## [TASK REQUIREMENTS]
Please retype the data below line for line and leave out every picture.

## [DATASET EXCERPT]
-*-

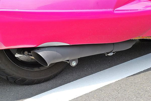 採用彈簧避震,而非時下流行的氣壓避震來降低車高,搭配粉紫色的塗裝,算是相當極具特色的一台車
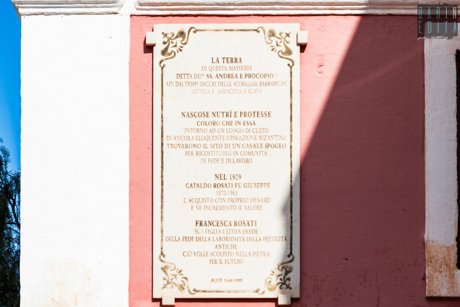 Dopo 200 metri raggiungiamo l’ingresso dell’ottocentesca Masseria Rosati, edificio su due livelli color rosa antico. «Abbiamo ereditato la tenuta da Francesca Rosati, zia nubile di mia moglie – ci spiegano i proprietari Nicolò Pascale e Domenica Semeraro, indicandoci una targa in marmo a lei dedicata -. Fu suo padre a comprarla e restaurarla nel 1929, quando veniva chiamata Masseria dei santi Andrea e Procopio, prendendo il nome della chiesa rupestre qui presente».Notizia di proprietà della testata giornalistica © Barinedita (vietata la riproduzione)
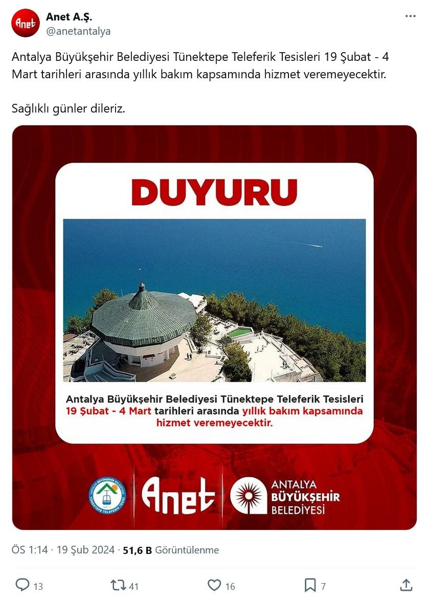 Antalya Büyükşehir Belediyesi’nin (ABB) işlettiği teleferikle ilgili olayın ilk anında yapılan “bakım ve onarımlarının yapıldığı” açıklamasının algı oluşturmaktan ibaret olduğu belirlendi. CHP’li ABB Başkanı Muhittin Böcek, teleferikle ilgili yıllık ağır ve rutin bakımlarının tamamının yapıldığını öne sürmüştü. Böcek, ”Yılbaşından sonra ağır bakımı protokolü, anlaşması zaten yapılmış. Sezon açılışı 5 Mart’ta başlamıştı. Diğer konularda gerekli çalışmaları yapacağız” demişti.

-*-

## [RESPONSE AREA]
 採用彈簧避震,而非時下流行的氣壓避震來降低車高,搭配粉紫色的塗裝,算是相當極具特色的一台車
 Dopo 200 metri raggiungiamo l’ingresso dell’ottocentesca Masseria Rosati, edificio su due livelli color rosa antico. «Abbiamo ereditato la tenuta da Francesca Rosati, zia nubile di mia moglie – ci spiegano i proprietari Nicolò Pascale e Domenica Semeraro, indicandoci una targa in marmo a lei dedicata -. Fu suo padre a comprarla e restaurarla nel 1929, quando veniva chiamata Masseria dei santi Andrea e Procopio, prendendo il nome della chiesa rupestre qui presente».Notizia di proprietà della testata giornalistica © Barinedita (vietata la riproduzione)
 Antalya Büyükşehir Belediyesi’nin (ABB) işlettiği teleferikle ilgili olayın ilk anında yapılan “bakım ve onarımlarının yapıldığı” açıklamasının algı oluşturmaktan ibaret olduğu belirlendi. CHP’li ABB Başkanı Muhittin Böcek, teleferikle ilgili yıllık ağır ve rutin bakımlarının tamamının yapıldığını öne sürmüştü. Böcek, ”Yılbaşından sonra ağır bakımı protokolü, anlaşması zaten yapılmış. Sezon açılışı 5 Mart’ta başlamıştı. Diğer konularda gerekli çalışmaları yapacağız” demişti.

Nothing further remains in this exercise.